Karl Malden and Vivien Leigh in A Streetcar Named Desire
Karl Malden was the kind of actor whose whose voice would make me stop flipping the channels and watch whatever he was on. Especially if it was a movie from the fifties and sixties, before he made Michael Douglas's career by agreeing to be in The Streets of San Francisco.
Malden was associated with directors like Elia Kazan (On the Waterfront, A Streetcar Named Desire) and writers like Budd Schulberg (Waterfront, A Face in the Crowd), and many so-called “Method” actors from the Actors Studio like Marlon Brando and Kim Hunter.
Karl Malden and Eva Marie Saint in On the Waterfront
A lot of Malden's most famous roles were conflicts between hope and despair, and hope didn't often win.
The movies with Karl Malden that come to my mind first are the less honored and less well known movies, the ones that formed a background to the politics and culture of the United States after World War II.
Though he sometimes played educated gentlemen (often men of the cloth—the minister in Disney's Pollyanna or the politically minded priest in On the Waterfront), Malden's roles were usually working men.
Bedrock of the community in Pollyanna
Maybe it was because of his voice, which sounded like he had screamed a lot of orders, or his face, which looked like it had been in a lot of fights, but he often played a worker, a non-com, or a middle-level bureaucrat who had to fight to keep his domain from blowing up due to his superiors' incompetence.
I remember an expression I heard a hundred times from NCOs in the Air Force: ”Don't call me sir. I work for a living.” Not officers, not bosses, and proud of it.
In 1953's Take the High Ground (a movie I've watched half a dozen times since I was a kid but still enjoy) Malden played Army Sgt. Laverne Holt, the assistant drill sergeant to Richard Widmark's more violent Sgt. Thorne Ryan. Eventually Sgt. Holt convinces Sgt. Ryan that just because their new troops have to be ready for the enemy in Korea, they don't have to be stripped of all their humanity and turned into nothing but killing machines. Even inside Sgt. Ryan with everything he's been through there's still a human being and not just a violent machine.
In most of Malden's characters there's an underlying calmness (not weakness) that allows him to see both sides of the inevitable conflict that movie characters have to resolve within ninety minutes or so.
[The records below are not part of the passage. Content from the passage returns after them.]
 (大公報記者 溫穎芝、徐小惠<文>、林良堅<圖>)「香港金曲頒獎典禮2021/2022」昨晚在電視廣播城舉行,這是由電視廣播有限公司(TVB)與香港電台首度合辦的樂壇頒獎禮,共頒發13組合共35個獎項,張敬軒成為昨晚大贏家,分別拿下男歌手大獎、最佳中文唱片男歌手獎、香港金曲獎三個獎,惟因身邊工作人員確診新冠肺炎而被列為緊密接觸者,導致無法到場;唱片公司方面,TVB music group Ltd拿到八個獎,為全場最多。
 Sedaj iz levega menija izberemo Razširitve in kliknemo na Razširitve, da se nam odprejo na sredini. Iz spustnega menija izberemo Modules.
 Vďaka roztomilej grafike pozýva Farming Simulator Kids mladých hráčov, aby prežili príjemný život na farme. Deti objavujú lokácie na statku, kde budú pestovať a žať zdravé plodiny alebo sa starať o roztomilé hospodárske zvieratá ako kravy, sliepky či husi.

Maybe that's why—except in the more intimate storytelling medium of television—Karl Malden was usually a foil to someone like Richard Widmark. Especially in the 1950s, movie heroes couldn't afford to be soft. They could be wrong, and be corrected by more humane partners, but they couldn't be soft.
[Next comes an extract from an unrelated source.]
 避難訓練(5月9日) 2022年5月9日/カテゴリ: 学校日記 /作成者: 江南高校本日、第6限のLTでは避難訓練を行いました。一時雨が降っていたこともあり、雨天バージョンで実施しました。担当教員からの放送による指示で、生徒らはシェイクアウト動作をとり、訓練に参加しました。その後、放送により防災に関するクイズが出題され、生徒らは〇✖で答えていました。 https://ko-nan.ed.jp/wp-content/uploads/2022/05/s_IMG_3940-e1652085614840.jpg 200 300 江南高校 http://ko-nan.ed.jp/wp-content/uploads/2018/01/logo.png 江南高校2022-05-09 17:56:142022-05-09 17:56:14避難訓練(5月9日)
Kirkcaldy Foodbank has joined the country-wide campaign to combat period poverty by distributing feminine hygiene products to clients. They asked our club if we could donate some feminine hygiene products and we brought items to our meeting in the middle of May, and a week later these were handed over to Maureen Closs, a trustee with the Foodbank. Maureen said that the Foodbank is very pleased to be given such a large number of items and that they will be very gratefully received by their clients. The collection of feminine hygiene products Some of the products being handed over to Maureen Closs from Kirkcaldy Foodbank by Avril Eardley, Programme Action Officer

Richard Widmark in Take the High Ground: The leader can't be soft
Malden was in uniform again in 1957 in Bombers B-52 (which, together with Jimmy Stewart's movie Strategic Air Command, was the best free propaganda the United States Air Force ever got). Malden was Master Sergeant Chuck Brennan, whose daughter (played by Natalie Wood in one of her first roles as a grown woman) falls in love with an officer. Not only with an officer, but with Efrem Zimbalist, Jr., the new commander of the unit.
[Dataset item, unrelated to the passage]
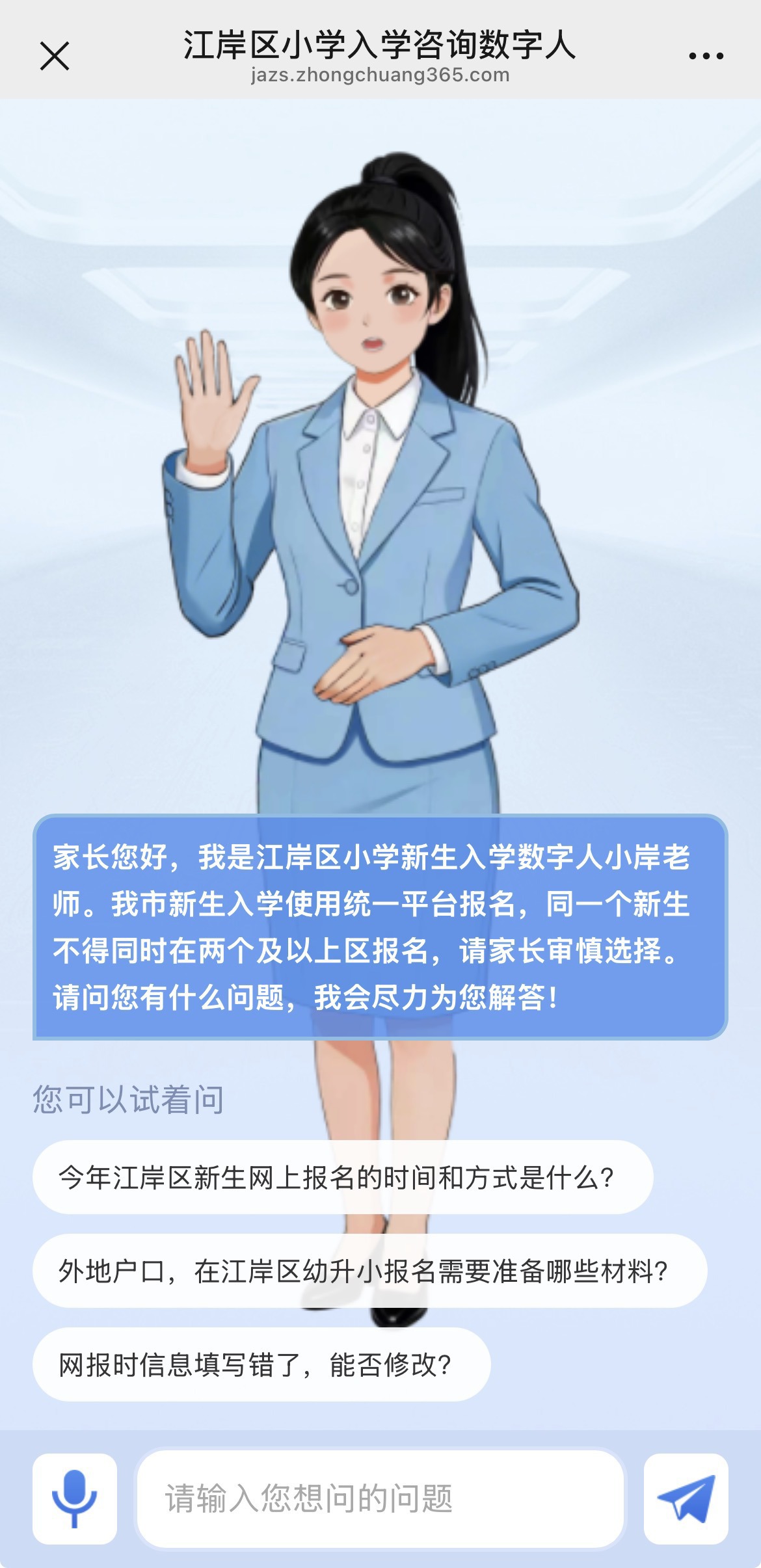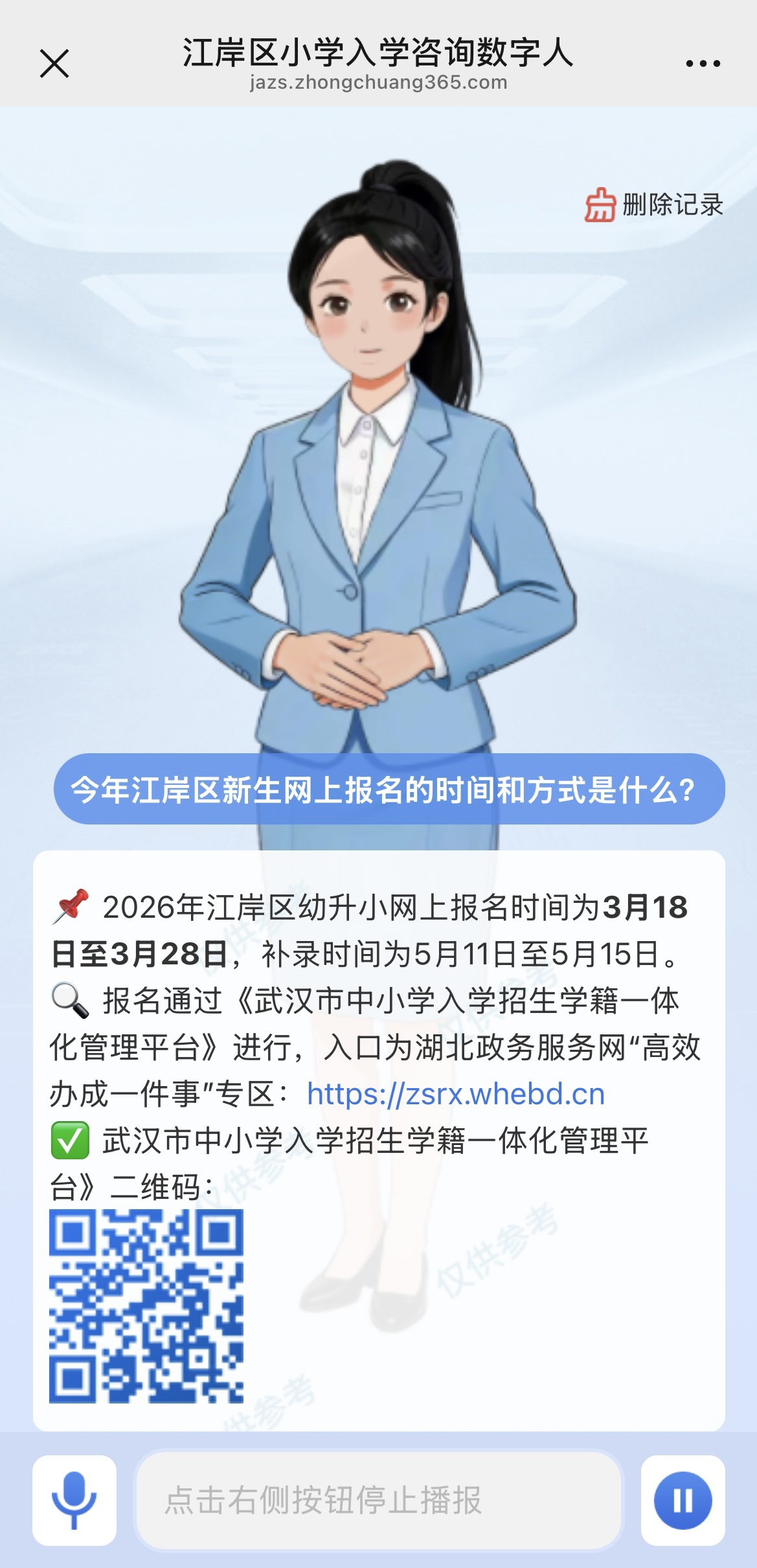 3月17日,在武汉市2026年义务教育阶段新生入学招生工作通知发布后的第二天,江岸区教育局正式上线武汉市首个专门服务小学新生入学咨询的AI数字人“小岸老师”。家长从“江岸教育”微信公众号的教育服务板块,可以直接进入“入学咨询数字人”页面,语音或文字输入问题后,约3秒即可获得基于政策的回应。

Conflict on the flightline
In Bombers B-52 the best scenes aren't between Malden and Efrem Zimbalist, but between Malden and Natalie Wood. Sgt. Brennan's new grown-up daughter reminds you of Judy, the character that Natalie Wood played in Rebel without a Cause two years earlier.
In both movies Wood played a suddenly sexual young woman who has to form a new relationship with her father in a society that invented the concept of “daddy's little girl.”
Daughter betrays father
In Rebel without a Cause and in Bombers B-52, father and daughter are uncomfortably aware of each other sexually. But Karl Malden doesn't give off the creepy vibes William Hopper (who played private eye Paul Drake on Perry Mason) did as Judy's father in Rebel without a Cause. Judy's father is more angry than the master sergeant because he feels guilty. He wants to keep his little girl in a way that's not innocent, and he knows it.
William Hopper and Natalie Wood in Rebel without a Cause: Daddy's little girl
When I think of the characters Karl Malden played, I think of working men who built a powerful but sometimes violent America after the war, and who raised my generation to inherit it.